> unicode looks like this in the pakket [.a.l.i.v.e.:.s.t.i.l.l. .a.l.l.i.v.e.,. .s.e.r.v.e.r.?./01].
Maybe I completely misunderstand you, but if you put the "L" in front of a character string, the compiler will allocate 16 bits (a wide character) for each character, rather than 8 bits (a normal character). This looks a lot like the ASCII portion of UCS-2 or UTF-16 unicode (but nothing like UTF-8).
In your original post, you showed the characters in "little endian" format, with the 'a' before its corresponding 0; in the example above, you show them in "big endian" format, with the 0 (presumably the '.') before its corresponding 'a'.
If you define:
unsigned short buffer = L"alive:still allive, server?\01";
You'll have a buffer with 16 bits per character, with the characters packed into the second byte of the 16 bits (i.e., big endian format, because ColdFire is big endian), just like in the example above (I assume you wanted an SOH with the \01). And the wide character functions I mentioned earlier are meant to manipulate these types of strings, just like the normal string functions manipulate 8 bit character strings.
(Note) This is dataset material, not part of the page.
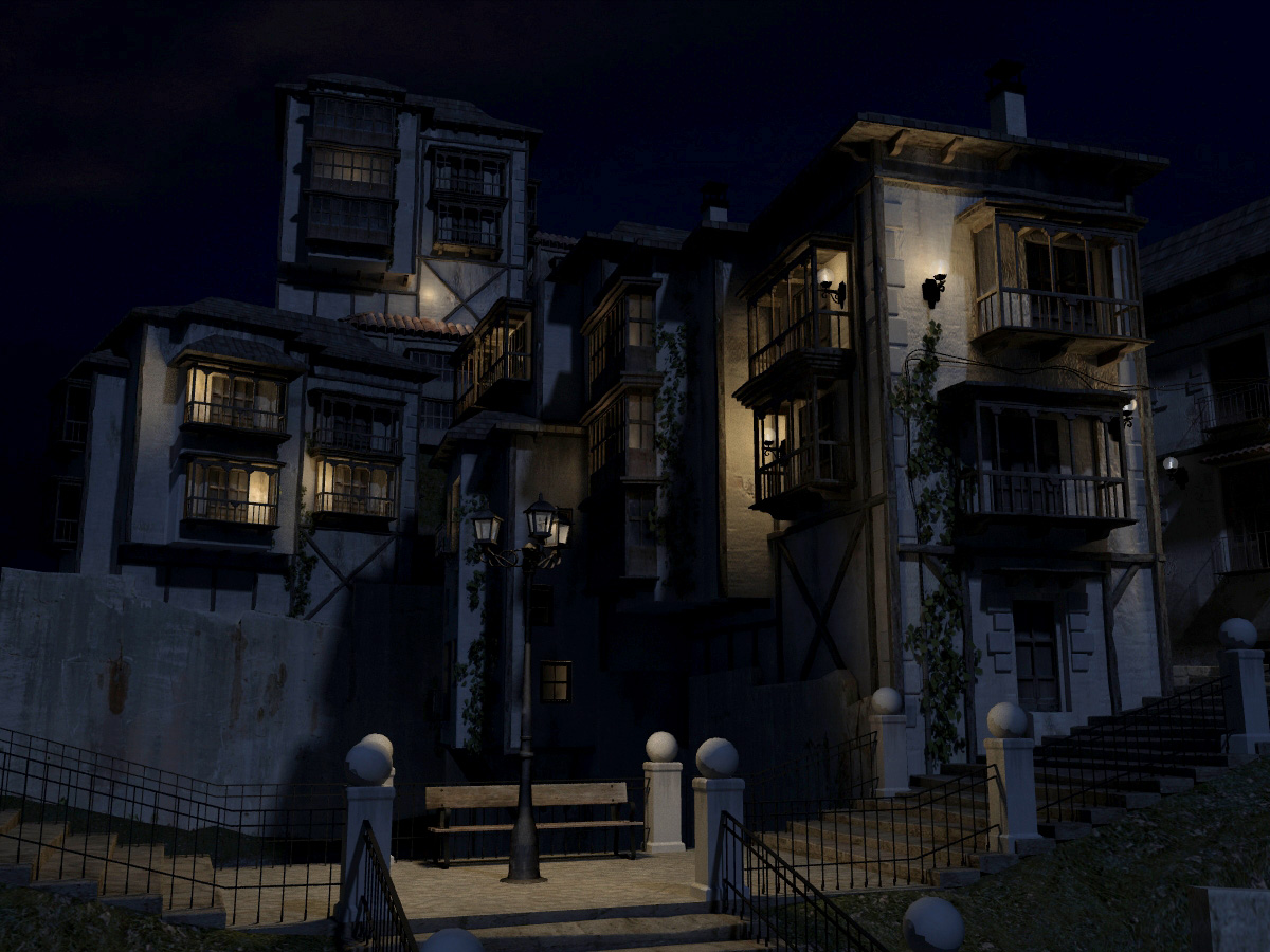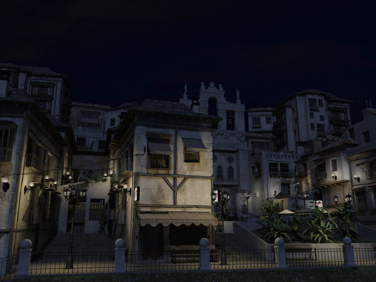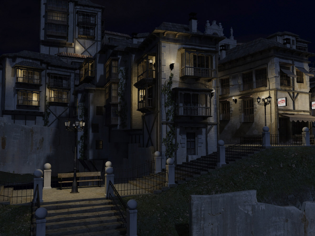 Excelente trabajo, mucho curro de modelado y texturizado. Lo que menos me convence es la iluminación. Yo seguiría trabajando tanto la diurna como la nocturna. En la nocturna lo que te han dicho: subir la luz ambiental azulada, y aumentar la intensidad de las farolas. La diurna no está mal, quizás le daría más intensidad a la luz solar, y un tono más azul a las sombras, habría que verlo, y por supuesto un bonito cielo azul primaveral del mundo feliz de la piruleta.

If you need them in little-endian format, you just need to loop thru the shorts in the buffer and byteswap them -- byteswapping is a way of life when sending data off-board, since different CPUs have different endiannesses, so typically you'll have one routine that will do that for you just before sending the data out (or after receiving it in) -- remember, you only want to byteswap multi-byte quantities, and you have to know the size of the quantity to do it (in this case, you're byteswapping 16 bit quantities, so it is really easy).